Saturday, February 28, 2009

Radioactive Teacher on the Run, Part I

Donald Leopard leaned against the handrail of the ferry and watched the churning wake spread choppily over the glaucous waves. The clouds above were the colour of seagull shit, and rain was starting to fall. As the South Wales coastline receded, Leopard felt as if he were steadily straining some magnetic force to its elastic limit, and that soon its hold over him would be gone. Soon. Very soon. If only he did not feel so wretchedly sick, perhaps he would even have been elated at his freedom.

He felt spots of rain on his skin now, accompanied by a strange, melting warmth, as if his very skin were dissolving. One spot brushed close to his right ear, and he was sure he heard a tiny sizzle. Could he be imagining it? To be so permeated with that weird, invisible force, that was at once inimical to life and now such a bone-achingly familiar part of his own life, had done strange things to his imagination. Surely he was imagining this now - this acidic, melting feeling. He rubbed his eyes and shook his head. When he opened his eyes again he saw the section of railing where his hand had just been. Faintly, but unmistakably, it was glowing, a kind of fungoid grey-green.
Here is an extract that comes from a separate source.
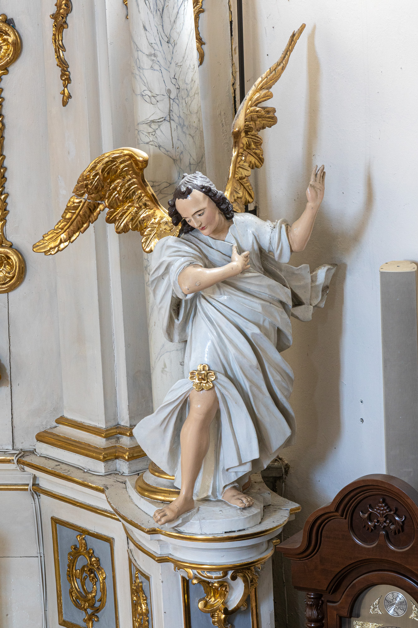 | Opis | Rzeźby pełne, drewniane, ustawione po obu stronach ołtarza na poziomie predelli. Postacie młodzieńcze przedstawione w pozie kontrapostu, zwrócone frontalnie w obszernych, mocno drapowanych, rozwianych szatach. Ręce swobodnie rozrzucone na boki i do góry. Prawe nogi wysunięte do przodu, stopy bose. Włosy ciemne, pofalowane, skrzydła obszerne, rozłożyste. Proporcje i modelunek anatomiczny poprawne, precyzyjny z uwidocznieniem rysunku mięśni. |

He recoiled and staggered.

"Excuse me!"

A youngish couple with their two small children were trying to get past him on the deck. He muttered his apologies and skulked unsteadily away.

He needed air, but he also needed to sit down. He would go inside for a while, just sit and keep his head down. Before he knew it that magnetic pull he felt would be gone, and then there would be County Wexford before him. He need not think any further than that at the moment - the rolling grey waves and County Wexford. He coughed into his hand and staggered into the main seating area of the ferry, placing himself on a low PVC seat away from the other passengers.

He hung his head between his hands, as if the sea he were now crossing were the sea of his own sickness, and he simply had to sit and keep himself still and steady for the duration.

"Excuse me."

The voice surprised him with its sense of nearness. He had drifted into a web of greyish clouds of distance inside himself.

He looked up. There was a well-dressed and tanned man standing above him, with streaks of grey in immaculately groomed hair.

"Is this yours? I think you dropped it."

Leopard recognised his notebook at once.

"Yes. That's mine."

The man held it out, but Leopard looked alarmed and did not take it.

"Well, er, do you want it?" asked the man.

"Yes. Perhaps you could put it on the seat in front of me. I'm feeling very ill and... I have a condition, you see. It makes it hard for me to move my arms."

"I'm sorry. Sure. I'll just put it there for you."

The man deposited the book as instructed on the seat in front, looking, now and then, in a puzzled fashion, as Leopard.

Leopard was too tired and ached too much now to try and calculate what was least likely to give him away if someone was suspicious, and the weary, almost bitter words, came to his lips without much thought. "Do I know you?" he asked.

"I don't think so," said the man. "Not many people this side of the Pond do. I mean, I used to be well-known back in the day. Er... Jeff Altman..."

And here he extended his hand.

Leopard gazed at it, as if it were some unidentifiable insect.

"Oh, yeah, sorry, I forgot. Can't move your arms. Well, I guess I'll be seeing you. Where you going, by the way?"

"County Wexford," said Leopard.

"Yeah, I guess we're all going there."

"Is there anything I can do for you? Maybe you'd like a glass of water?"

"No. I just have to rest here. Thank you."

"Okay. I hope you feel better soon. If you want a little of the best medicine - laughter, I mean - you could try catching me at my show in town when we arrive. I've got some spare tickets. Here, I'll slip a couple in your notebook. Bring a friend. Bring an enemy. Bring someone who knows how to laugh in the right places."

"Thank you."

"Okay. You take care now."

The man who had called himself Jeff Altman passed on, and Leopard sank once more into the dark grey clouds of his inner distance with relief.